Home
>
Artigos

A luta democrática e combate ao imperialismo e sua política de guerra

No artigo, o jornalista, editor internacional do Brasil 247 e presidente da Cebrapaz José Reinaldo Carvalho, fala sobre a ameaça à humanidade e à democracia, resultante da política hegemônica dos Estados Unidos e da Otan.

O fenômeno mais ameaçador à humanidade, sua sobrevivência, relações sociais e a paz é a guerra imperialista, resultante da política hegemonista dos Estados Unidos e seus parceiros da Otan. Associado a este, observa-se o ascenso da extrema-direita e da direita, com muitas peculiaridades regionais e nacionais.

 

O ascenso da extrema direita não é um fenômeno isolado, mas um reflexo das profundas insatisfações e frustrações que se acumulam na sociedade. As causas desse movimento são complexas e multifacetadas, mas podem ser amplamente atribuídas às políticas neoliberais implementadas por governos sociais-democratas e pela direita tradicional. 


Há décadas as políticas neoliberais dominam a agenda econômica global, promovendo a desregulamentação, privatização, as políticas fiscais restritivas, o arrocho salarial e a extinção de políticas sociais.
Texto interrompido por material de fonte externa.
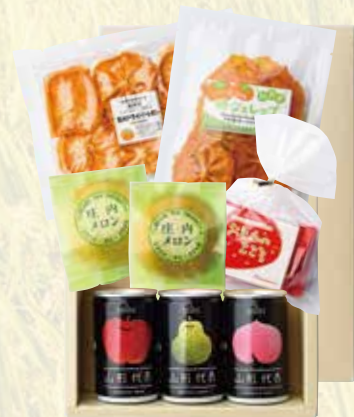
82) 夢の倶楽セット F

※ご希望に合わせた詰め合わせもいたします。 ※詰め合わせ内容により価格は異なります。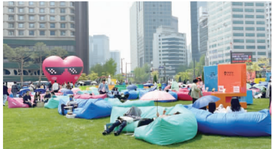
韓國首爾市政府舉辦的露天圖書館活動，為提升民眾閱讀體驗，今年在首爾廣場設置特地訂做的2到3人用大型懶骨頭沙發，以及陽傘等設備。(中央社)

【中央社記者王承中台北21日電】傳國民黨智庫因財源不足須精簡人力，國民黨主席朱立倫今天表示，民進黨執政後用不當黨產條例封鎖國民黨，也無法取得財源，只有透過轉型、改革，讓智庫輕量化並結合民間資源。 國民黨近期持續進行內部組織改革，包括整併黃復興黨部，以及派任多名黨籍立委擔任地方黨部主委，以達到內造化等目標。現在也傳出因財源不足，國民黨智庫「國家政策研究中心基金會」須精簡人力，預計將大砍2/3人力。 朱立倫今天前往新北市中和區參加2024緬甸新年浴佛活動受訪表示，智庫設置最重要的目的就是希望能夠為國家培養好人才，同時設計出好的政策。 他指出，民進黨執政後用不當黨產條例封鎖國民黨，也無法取得財源，只有透過轉型、改革，讓智庫輕量化並結合民間資源。 朱立倫表示，今年預計減少1/3開銷，明年會繼續往下減，讓智庫能夠可長可久，結合學界、持續提供立法院黨團、地方對政府最好的政策。 對於國民黨立法院黨團總召集人蔣經國近期將率黨籍立委訪中，引發爭議。朱立倫表示，傳聞其從2月開始就有跟他溝通，此行主要是針對民眾反映的問題，尤其是最近大家關心的兩岸旅遊、農漁產品問題，相信立委訪陸一定能充分反映民意，解決問題。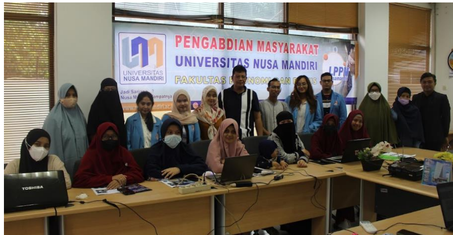
Lampiran 8. Foto Bersama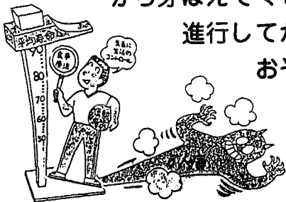
高齢化とともにふえる成人病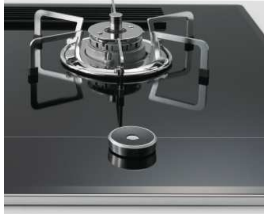
軽やかでスマートな操作感のツイストスイッチ

※ツイストスイッチとタッチスイッチは、EGO グループ内ドイツ法人”E.G.O. Elektro-Gerätebau GmbH”の技術を使用しています。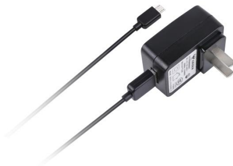
图 3 电源适配器

ZP1000 系列高压差分探头的附件包括电源适配器一只（如图 3 所示）、红黑鳄鱼夹各一只（如图 4 所示）、红黑探针各一只（如图 5 所示）。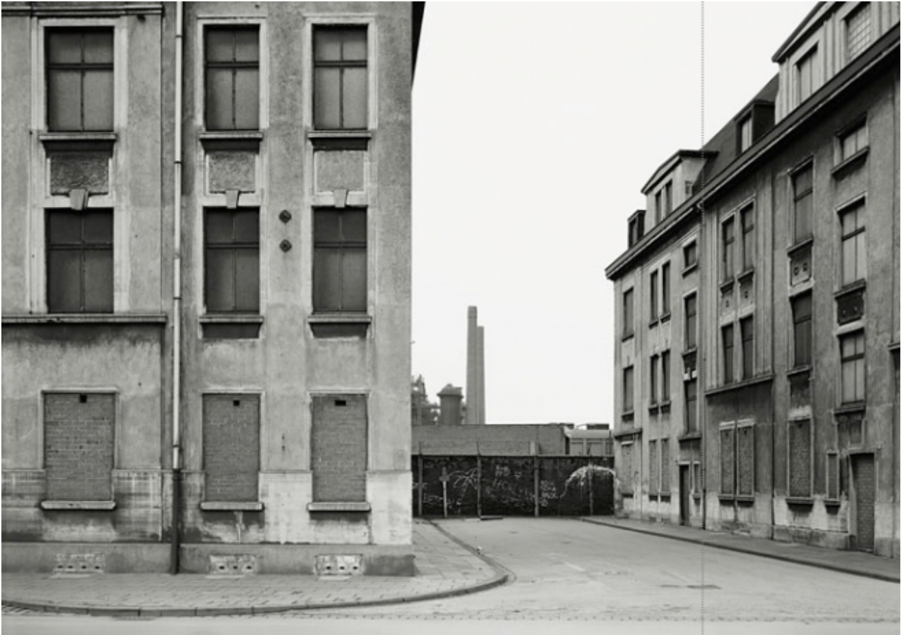
Thomas Struth, Werthausen Straße, Duisburg 1985

primo dei “quattro modi in cui il [suo] Io, come soggetto di linguaggio, si rapporta al mondo, Saggio sulla stanchezza , 38) e poter passare “dal mutismo, al ritorno del linguaggio”: il luogo della separazione è anche la soglia che apre al ritorno. È anche l’immagine dell’emozione che conduce alla parola, alla scrittura, dello spazio che essa apre e che in essa si apre ( Saggio sul luogo tranquillo , 103).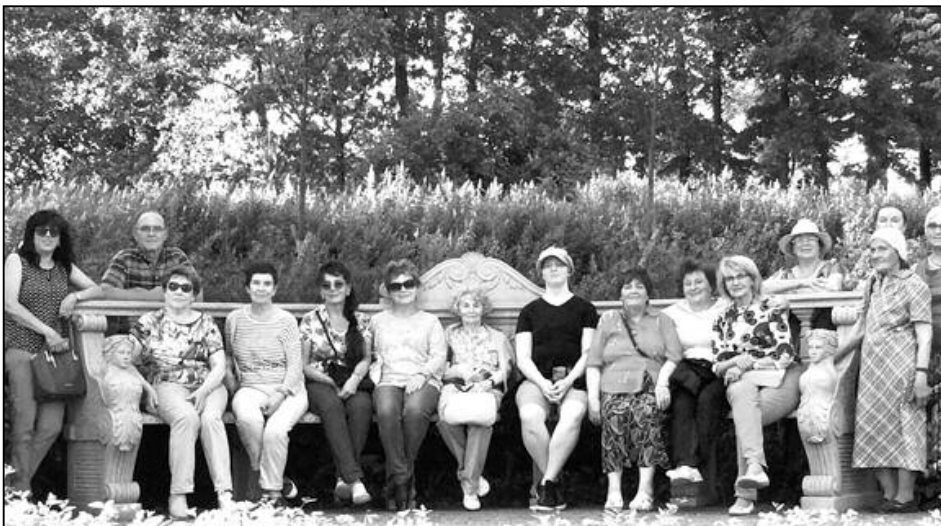
Силламяэцы в усадьбе Марьино Ленинградской области.

- Разделяю мнение тех, кто говорит, что самое хорошее образование – это путешествия, поскольку расширяют наш кругозор, заставляют по-иному посмотреть на мир, постичь какие-то его тайны, увидеть своими глазами и оценить увиденное. Детей надо, конечно, приучать к этому. Если ребёнок с детства не бывал ни в одном театре, ни в одном музее, видел мир только из окна собственной квартиры, то вряд ли в последующие годы ему вдруг захочется пойти на спектакль или поехать на экскурсию. Я наблюдаю

Essas políticas foram invariavelmente defendidas e aplicadas pelos governos republicanos e democratas nos Estados Unidos, de direita, extrema direita, liberais, conserrvadores e social-democratas na Europa e também em países do Sul Global dependentes do capital monopolista-financeiro internacional. Seus efeitos sobre as massas trabalhadoras e populares foram devastadores, acarretando a degradação do seu padrão de vida. 

 

Essas políticas levaram a um crescente sentimento de descontentamento da população. Trabalhadores com salários aviltados, condições de vida e trabalho deterioradas, jovens que enfrentam desemprego crônico, faixas imensas da população abandonadas pelo Estado tornaram-se terreno fértil para a retórica da extrema-direita. Líderes extremistas, aproveitando-se desse descontentamento, oferecem soluções simplistas e xenófobas, promovendo a divisão entre os trabalhadores e atacando os imigrantes, numa revelação clara da falsidade do seu nacionalismo. A ascensão da extrema-direita ocorre pari passu com a superação histórica e prática do liberalismo burguês, é intrinsecamente ligada à crise sistêmica do capitalismo e à guerra como saída. Desde os tempos leninistas, quando o gênio do socialismo científico e revolucionário dissecou a transformação do capitalismo em imperialismo, evidenciou-se que na política interna o imperialismo implica reacionarismo em toda a linha e na externa, guerra.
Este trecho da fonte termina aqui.